[Recorded data]
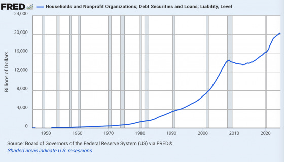 4 – Household debt has soared to almost unbelievable levels over the last 30 years. The sad truth is that it is not just the U.S. government that has a massive debt problem. U.S. households have also been accumulating debt at a staggering rate. Total household and nonprofit organization debt did not pass the 2 trillion dollar mark until the mid-1980s, but now total U.S. household and nonprofit organization debt has surpassed the 20 trillion dollar mark. Household debt alone accounts for approximately 18 trillion dollars of this total…
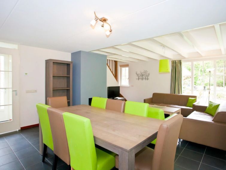 "Villa Sauna 10", 6-room house on 2 levels. Cosy furnishings: living/dining room with TV. Exit to the terrace. 1 room with 1 x 2 bunk beds (70 cm, length 190 cm). Open kitchen (dishwasher, Gas stove, 4 gas rings, kettle, freezer, electric coffee machine, combination microwave). Sep.
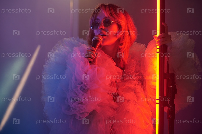 Молодая женщина поет в микрофон под красочным студийным освещением
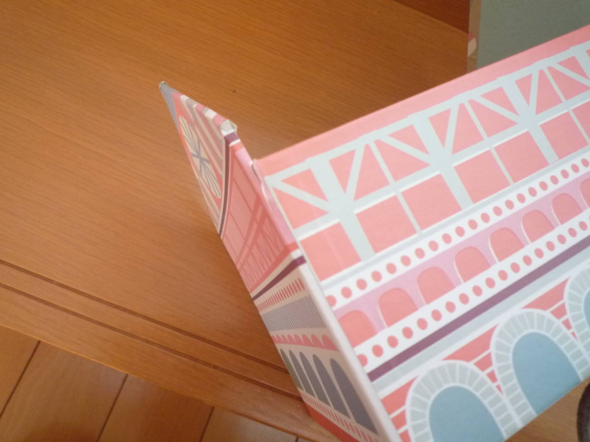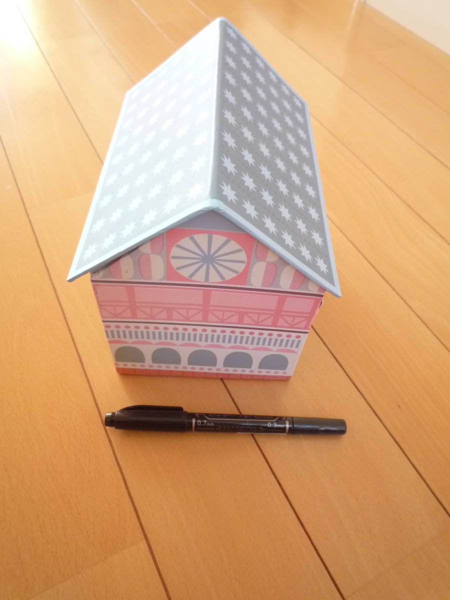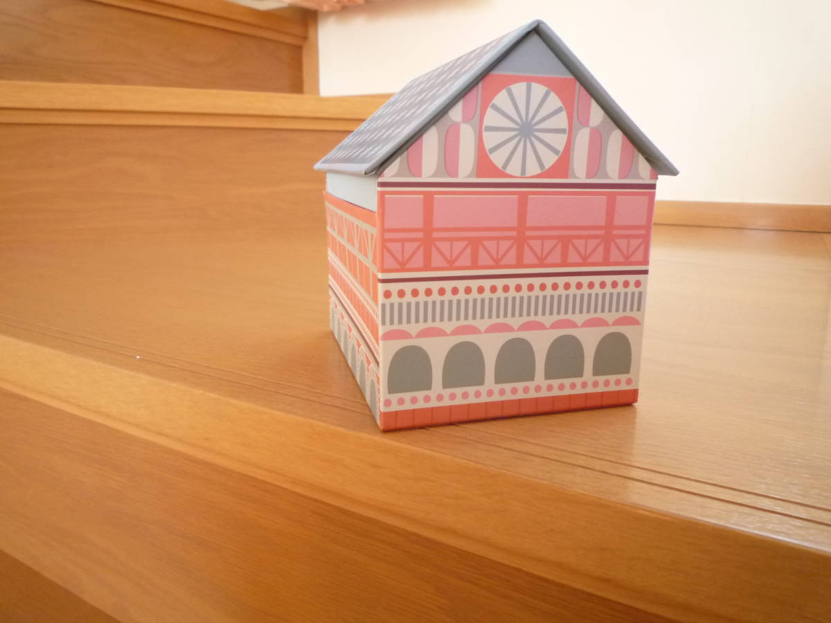 なんだかよく分からない箱ですが、形がかわいいです。 ドイツ風の木組みの家(英語で「ハーフティンバー」、ドイツ語で「ファッハヴェルクハウス」)の形をしています。 屋根をポンととって中に収納。 塗装にやや日焼けしている部分があります。 また画像6にあるように、少しだけ目立たない破れがあります。
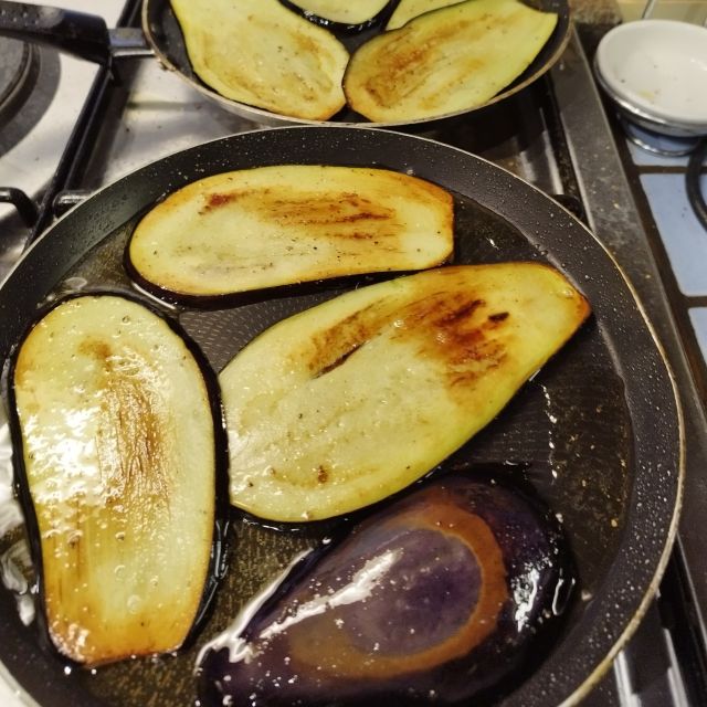 Haal de paprika uit de olie en kook de volgende helft

== Prompt ==
Write the entries out in full and exactly, omitting every picture.

== Answer to this task ==
 4 – Household debt has soared to almost unbelievable levels over the last 30 years. The sad truth is that it is not just the U.S. government that has a massive debt problem. U.S. households have also been accumulating debt at a staggering rate. Total household and nonprofit organization debt did not pass the 2 trillion dollar mark until the mid-1980s, but now total U.S. household and nonprofit organization debt has surpassed the 20 trillion dollar mark. Household debt alone accounts for approximately 18 trillion dollars of this total…
 "Villa Sauna 10", 6-room house on 2 levels. Cosy furnishings: living/dining room with TV. Exit to the terrace. 1 room with 1 x 2 bunk beds (70 cm, length 190 cm). Open kitchen (dishwasher, Gas stove, 4 gas rings, kettle, freezer, electric coffee machine, combination microwave). Sep.
 Молодая женщина поет в микрофон под красочным студийным освещением
 なんだかよく分からない箱ですが、形がかわいいです。 ドイツ風の木組みの家(英語で「ハーフティンバー」、ドイツ語で「ファッハヴェルクハウス」)の形をしています。 屋根をポンととって中に収納。 塗装にやや日焼けしている部分があります。 また画像6にあるように、少しだけ目立たない破れがあります。
 Haal de paprika uit de olie en kook de volgende helft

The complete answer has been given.